- ABOUT THIS EXERCISE -
Copy the records below in full, keeping each word as it is but omitting the pictures.

### DATA RECORDS

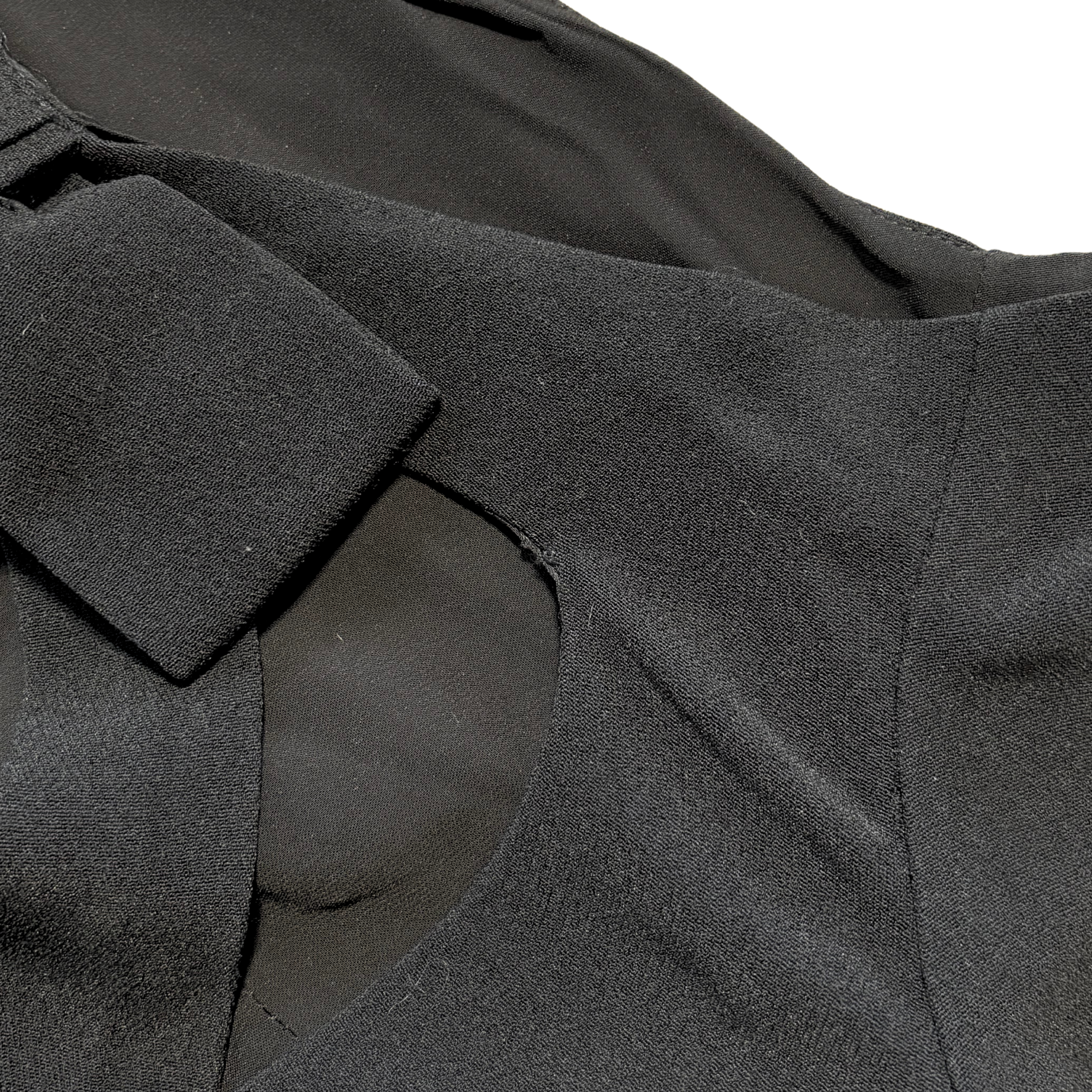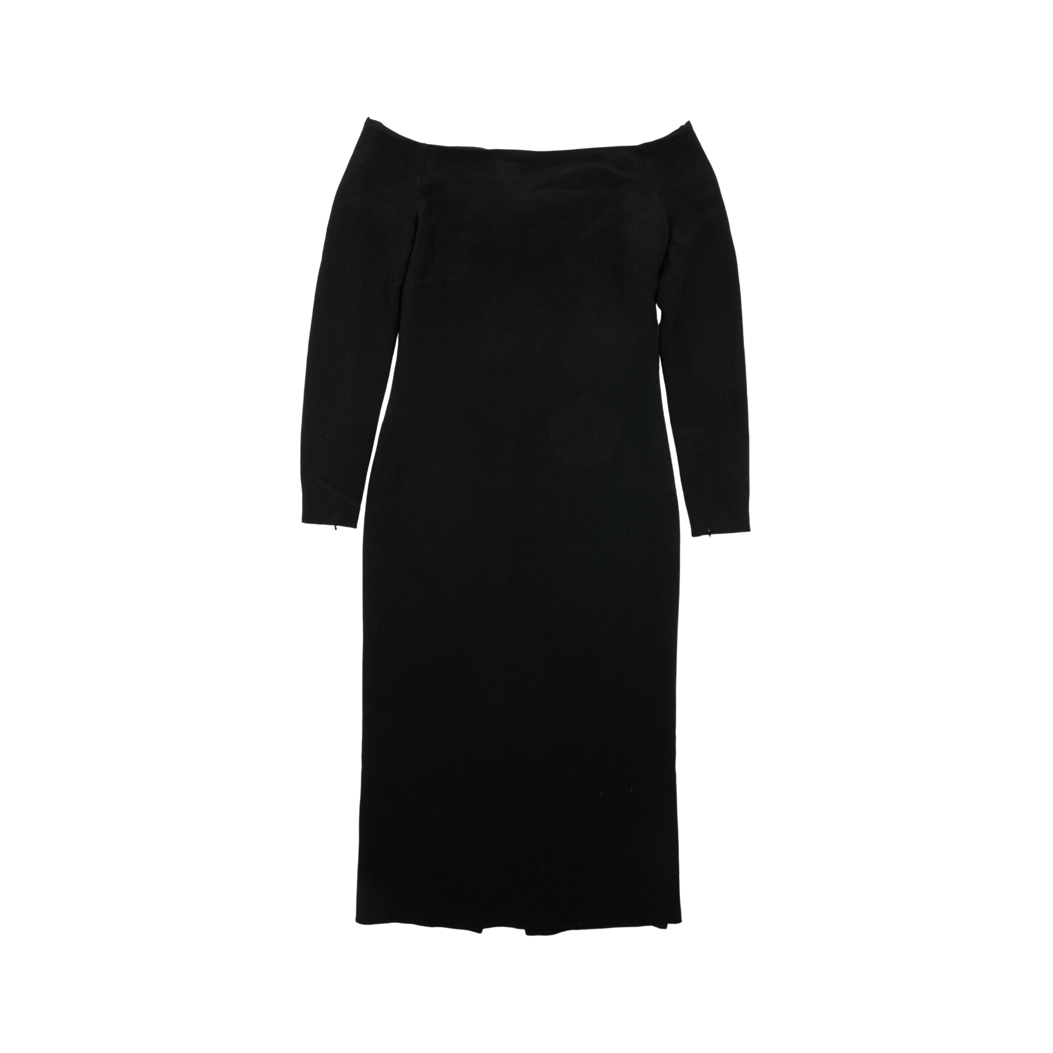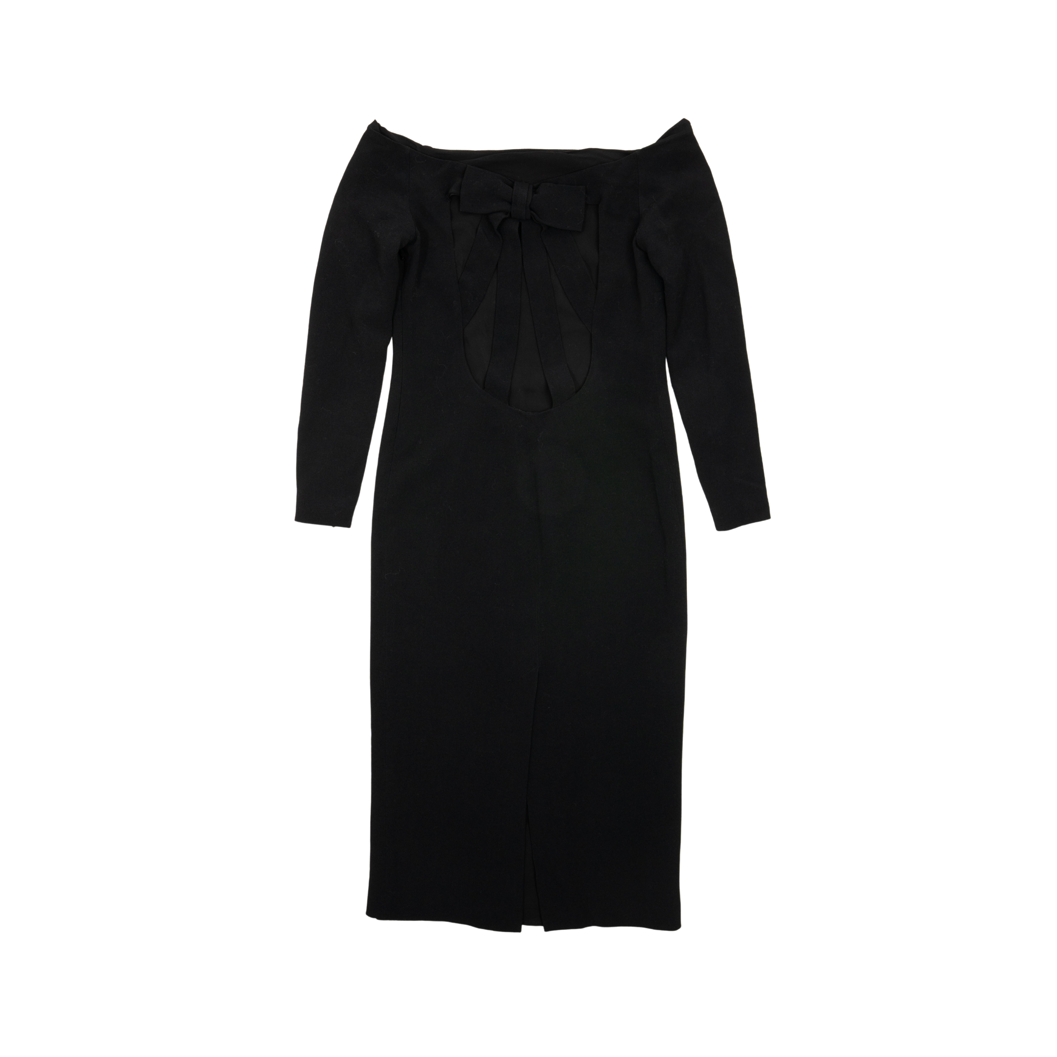 Burberry mid-length off-the-shoulder dress in black crepe with 3/4" sleeves with zipper slits and a large back bow cutout.
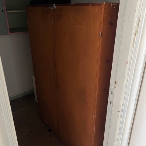Pent vintage treskap gis bort mot henting. Trenger et strøk maling, og nøkkelen til skapet er borte, men eller er det i god stand.
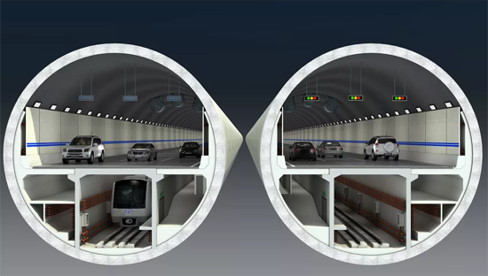 項(xiàng)目提出了雙道防淹門解決方案,以實(shí)現(xiàn)全方位有效封堵,保護(hù)城市安全。為拓展城市空間,濟(jì)南黃河隧道設(shè)計(jì)為城市市政道路和軌道交通合建方案,實(shí)現(xiàn)隧道空間最大利用率。“萬里黃河第一隧”設(shè)計(jì)為雙管雙層公軌合建盾構(gòu)隧道,上層為公路雙向6車道,下層為軌道交通以及排煙通道、管廊和逃生通道,實(shí)現(xiàn)一次穿越黃河的利用率最大化,極大降低了對(duì)環(huán)境的影響。
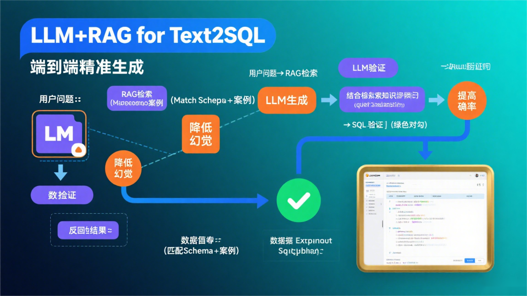 RAG(检索增强生成):通过检索数据库结构、字段含义等信息,提升生成SQL的准确性,避免“模型幻觉”。
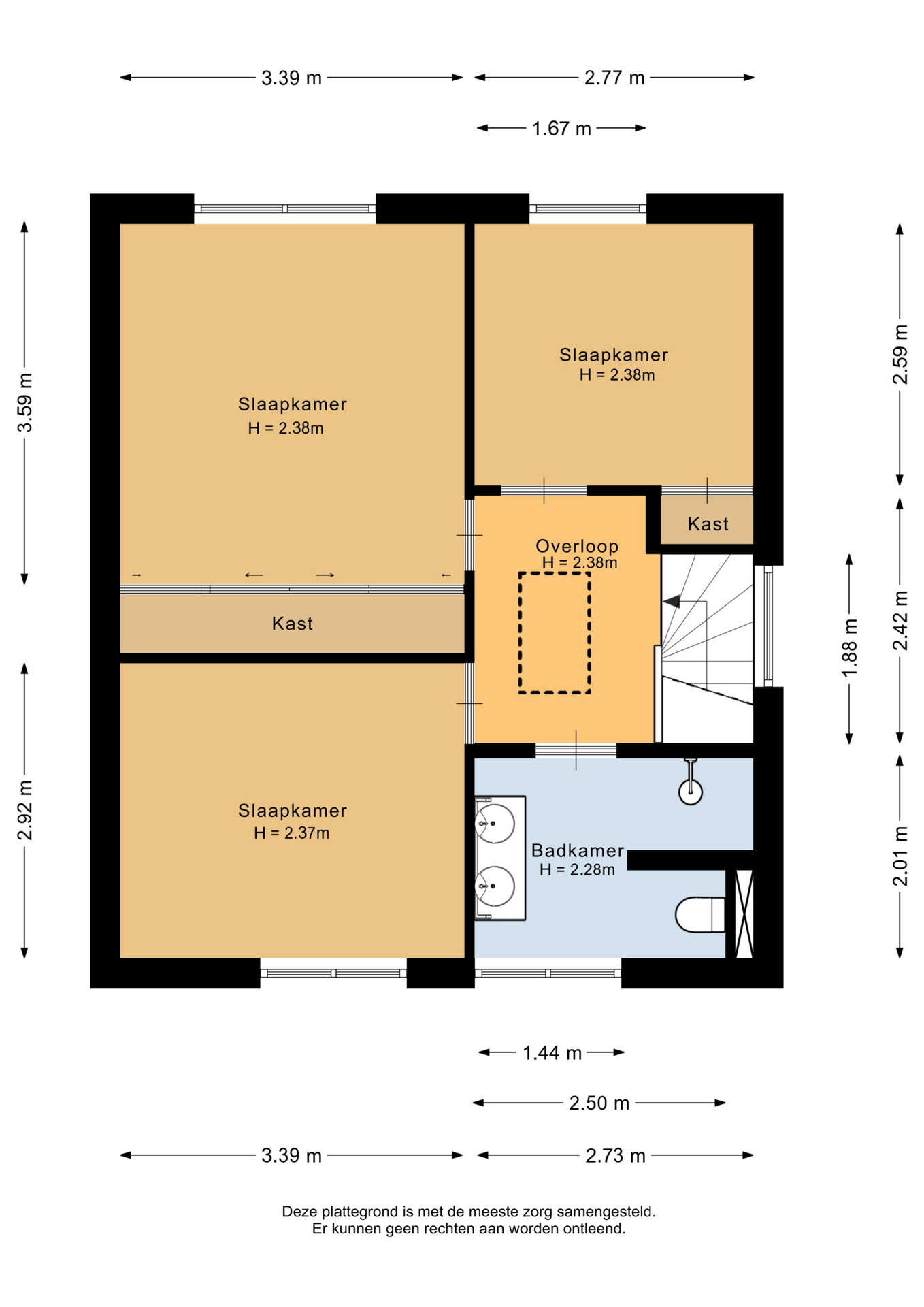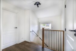 De eikenhouten trap vormt een echte eyecatcher in de woning en brengt warmte en karakter in het interieur. Middels deze trap bereik je de eerste verdieping. De verdieping is voorzien van drie gezellige slaapkamers, welke comfortabel en licht zijn te noemen. De master bedroom beschikt over een inbouwkast. De badkamer is geheel betegeld en compleet met inloopdouche met regendouche, dubbele wastafel en wastafelmeubel, toilet en designradiator. Ook is er in de badkamer vloerverwarming aanwezig. Vanaf de overloop is via een vlizotrap de vliering bereikbaar.
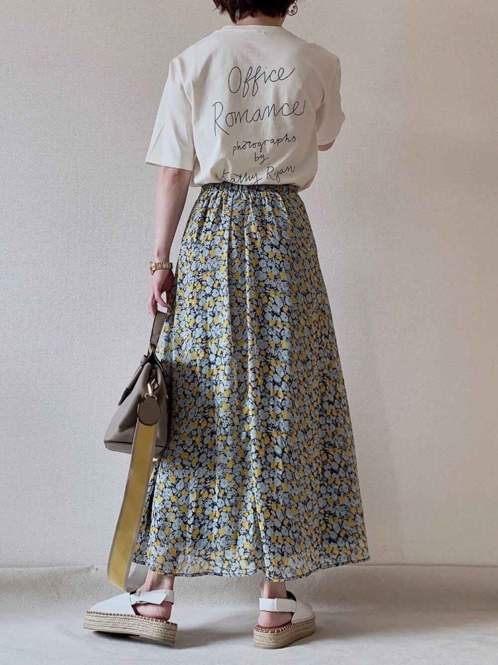 ロゴT×花柄スカート
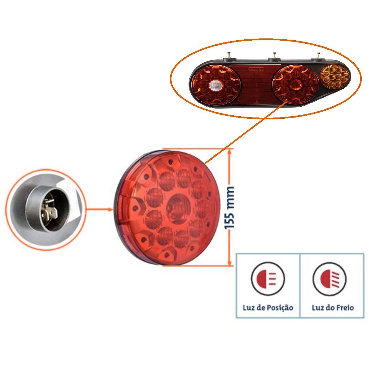 1 unidade de lanterna traseira LED Braslux Ø155mm
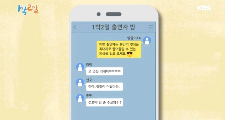 1박2일 본인의 멋짐을 최대치로 끌어 올릴 의상을 입고 오라는 방글pd님의 카톡에 입고온 멤버들의 의상 막이슈 쭉빵카페
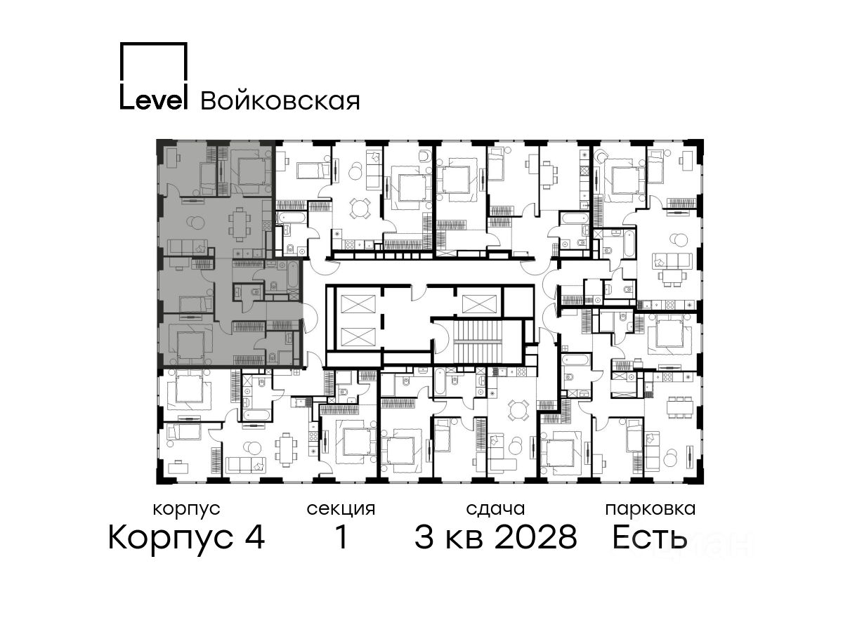 Продается 4-комнатная квартира площадью 99.10 кв. м с отделкой. Квартира находится на 19 этаже 26-этажного корпуса 4, в новом жилом комплексе бизнес-класса Level Войковская, расположенном рядом с живописным заповедником ''Покровское-Стрешнево'' (застройщик - компания Level Group/Левел групп).
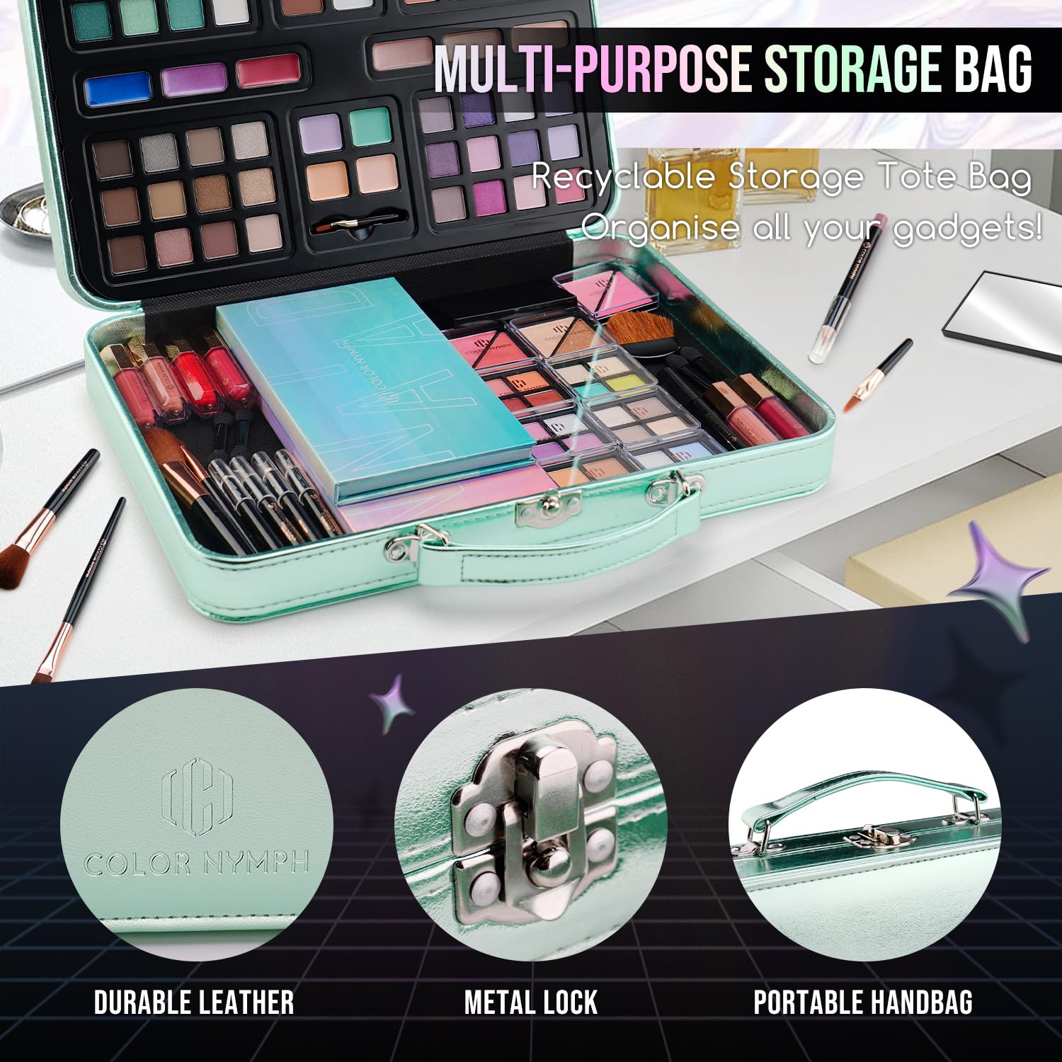 Color Nymph All in One Girls Makeup Sets for Any Ages, Teen Makeup Kits for Beginner with Green Case, Eyeshadow Palettes Blush Lipgloss Eyeliner, Cosmetics Gift Set for Birthday
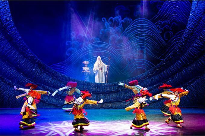 因此,創(chuàng)作伊始,主創(chuàng)人員就充分考慮劇目創(chuàng)新和手段創(chuàng)新。在劇目創(chuàng)新上,編劇選擇了唐東杰布這一藏族聚居區(qū)家喻戶曉的歷史人物為戲劇核心人物,極大地提高了觀眾的關(guān)注點(diǎn)。又因?yàn)樘茤|杰布本人就是藏戲的創(chuàng)始人,但至今沒有一部表現(xiàn)其事跡的劇目,表現(xiàn)藏戲鼻祖一生偉業(yè)的《唐東杰布》橫空出世,無疑填補(bǔ)了這一空白,成為藏戲在選材上的重大突破。

######

- PROBLEM SOLUTION -
 Burberry mid-length off-the-shoulder dress in black crepe with 3/4" sleeves with zipper slits and a large back bow cutout.
Pent vintage treskap gis bort mot henting. Trenger et strøk maling, og nøkkelen til skapet er borte, men eller er det i god stand.
 項(xiàng)目提出了雙道防淹門解決方案,以實(shí)現(xiàn)全方位有效封堵,保護(hù)城市安全。為拓展城市空間,濟(jì)南黃河隧道設(shè)計(jì)為城市市政道路和軌道交通合建方案,實(shí)現(xiàn)隧道空間最大利用率。“萬里黃河第一隧”設(shè)計(jì)為雙管雙層公軌合建盾構(gòu)隧道,上層為公路雙向6車道,下層為軌道交通以及排煙通道、管廊和逃生通道,實(shí)現(xiàn)一次穿越黃河的利用率最大化,極大降低了對(duì)環(huán)境的影響。
 RAG(检索增强生成):通过检索数据库结构、字段含义等信息,提升生成SQL的准确性,避免“模型幻觉”。
 De eikenhouten trap vormt een echte eyecatcher in de woning en brengt warmte en karakter in het interieur. Middels deze trap bereik je de eerste verdieping. De verdieping is voorzien van drie gezellige slaapkamers, welke comfortabel en licht zijn te noemen. De master bedroom beschikt over een inbouwkast. De badkamer is geheel betegeld en compleet met inloopdouche met regendouche, dubbele wastafel en wastafelmeubel, toilet en designradiator. Ook is er in de badkamer vloerverwarming aanwezig. Vanaf de overloop is via een vlizotrap de vliering bereikbaar.
 ロゴT×花柄スカート
 1 unidade de lanterna traseira LED Braslux Ø155mm
 1박2일 본인의 멋짐을 최대치로 끌어 올릴 의상을 입고 오라는 방글pd님의 카톡에 입고온 멤버들의 의상 막이슈 쭉빵카페
 Продается 4-комнатная квартира площадью 99.10 кв. м с отделкой. Квартира находится на 19 этаже 26-этажного корпуса 4, в новом жилом комплексе бизнес-класса Level Войковская, расположенном рядом с живописным заповедником ''Покровское-Стрешнево'' (застройщик - компания Level Group/Левел групп).
 Color Nymph All in One Girls Makeup Sets for Any Ages, Teen Makeup Kits for Beginner with Green Case, Eyeshadow Palettes Blush Lipgloss Eyeliner, Cosmetics Gift Set for Birthday
 因此,創(chuàng)作伊始,主創(chuàng)人員就充分考慮劇目創(chuàng)新和手段創(chuàng)新。在劇目創(chuàng)新上,編劇選擇了唐東杰布這一藏族聚居區(qū)家喻戶曉的歷史人物為戲劇核心人物,極大地提高了觀眾的關(guān)注點(diǎn)。又因?yàn)樘茤|杰布本人就是藏戲的創(chuàng)始人,但至今沒有一部表現(xiàn)其事跡的劇目,表現(xiàn)藏戲鼻祖一生偉業(yè)的《唐東杰布》橫空出世,無疑填補(bǔ)了這一空白,成為藏戲在選材上的重大突破。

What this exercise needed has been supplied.